Ничего они с нами не сделают. Драматургия. Проза. Воспоминания - Леонид Генрихович Зорин
– Спасибо всем, – произносит Пермский. – Доната Павловича прошу задержаться.
Собираемся в его кабинете. Нас трое – я, он и драматург. Пермский хмур и сосредоточен. Автор соблюдает достоинство, молчит, скрестив на груди ручонки, но ртутные глазки так и шныряют.
Счастливый чудесной опустошенностью, еще не остывший от пьяной радости, я с нарастающим раздражением слежу за неясным мне состоянием хозяина кабинета и гостя. Видно, что оба они готовятся к беседе, и – нелегкой беседе.
Пермский нарушает паузу, которая затянулась настолько, что стала откровенно искусственной. Она понадобилась ему, чтобы вознестись на вершину. Оттуда, из заоблачной выси, доносится его блоковский голос.
– Итак, – начинает он, – выясняется, что я ставлю сенсационный спектакль. Я собираю зрителей в зале, чтоб показать им, какого титана мы потеряли полвека назад. Я их зову на открытие памятника. Сейчас прозвучит третий звонок, с памятника сорвут покрывало и людям предстанет мудрец и герой.
– Зато, – добавляет Полторак, – титана окружают пигмеи. Пусть они даже вошли в хрестоматии.
Я усмехаюсь:
– Вот как – пигмеи? Вы сказали об этом моим коллегам?
– Я их ни в чем не обвиняю, – резко говорит Полторак. – Дело не в том, что они не стоят вровень с гениями, которых играют. Это, должно быть, и невозможно – я уважаю их работу. Но вы сделали все, чтобы их унизить. Больше того, не спросив меня, вставляете в роль Юпитера тексты, компрометирующие художников.
– Заметьте, их собственные тексты.
Эти мои слова окончательно выводят его из равновесия. Реакция мне уже известна. В минуту душевного волнения создатель действа обычно проделывает свой неизменный аттракцион – голова еще глубже врастает в плечи.

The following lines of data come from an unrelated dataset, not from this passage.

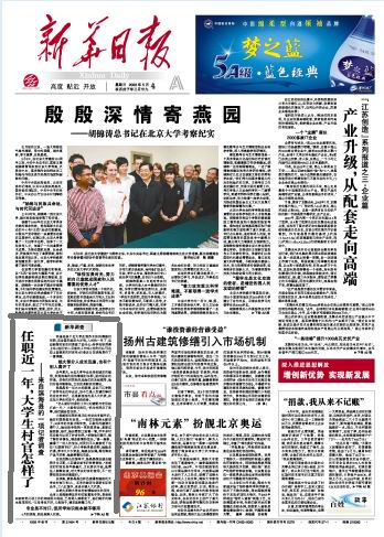 《新华日报》“大学生到新农村建设一线建功立业报道”转载之一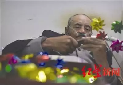 >因为慢性肺气肿,胡远根常常是一边躺在床上吸氧,一边扎风车。随着年纪越来越大,他常常喘个不停,手也抖个不住,扎一个风车要很长时间。有人曾经问他准备做多久,他说,只要活着就会坚持。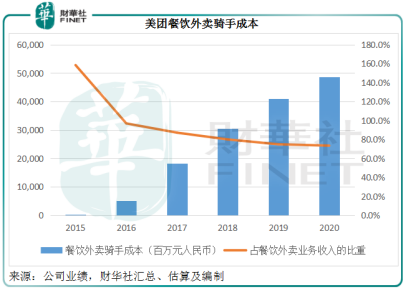 然而,餐饮外卖骑手成本是美团占比最大的成本。2020年,这笔开支达到486.92亿元,相当于该公司总收入的42.42%。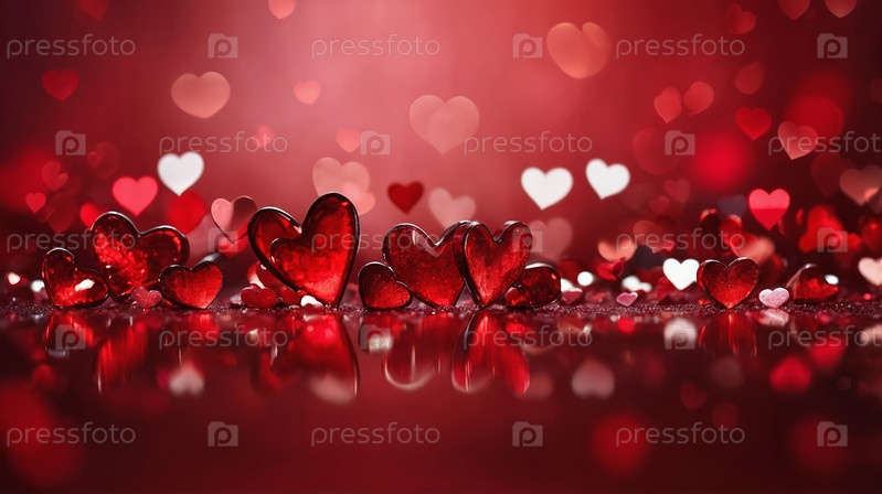 Романтичный узор из красных и белых сердец на размытом красном фоне, символизирующий любовь и страсть, идеально подходит для Дня святого Валентина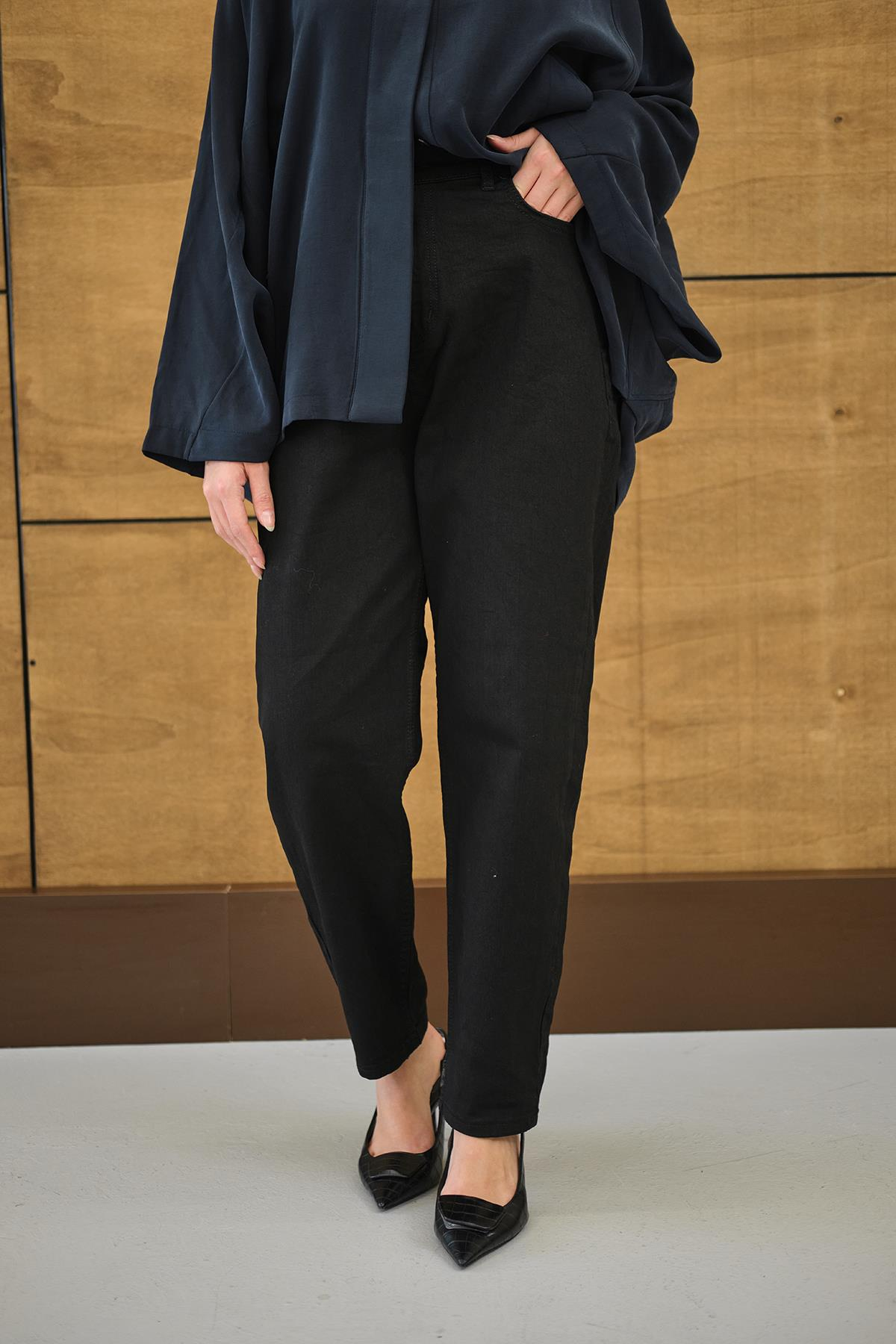 Yıkama Desen Pantolon Siyah

– Не ждал подобного бессердечия. Мало ли что писали люди, вынужденные к тому обстоятельствами.
– Дело даже не в их стихах, вызванных либо угрозой смерти, либо временным помраченьем ума, – Пермский теряет спокойствие и голос его, возвратясь из надбытности, снова становится его собственным. – Дело значительно серьезней. Тут смещены уже не акценты, тут смещена стержневая ось. Произведение поставлено на голову. Наш автор мне не брат и не сват, но я разделяю его подавленность.
Тянет сказать: «Он вам больше чем брат, поскольку облизал вас до гланд», но с неимоверным усилием проглатываю эту догадку. Разумней всего сидеть и молчать, но я еще ощущаю кожей недавний восторг, он еще свеж, и тем острее моя обида. Я останавливаю шефа.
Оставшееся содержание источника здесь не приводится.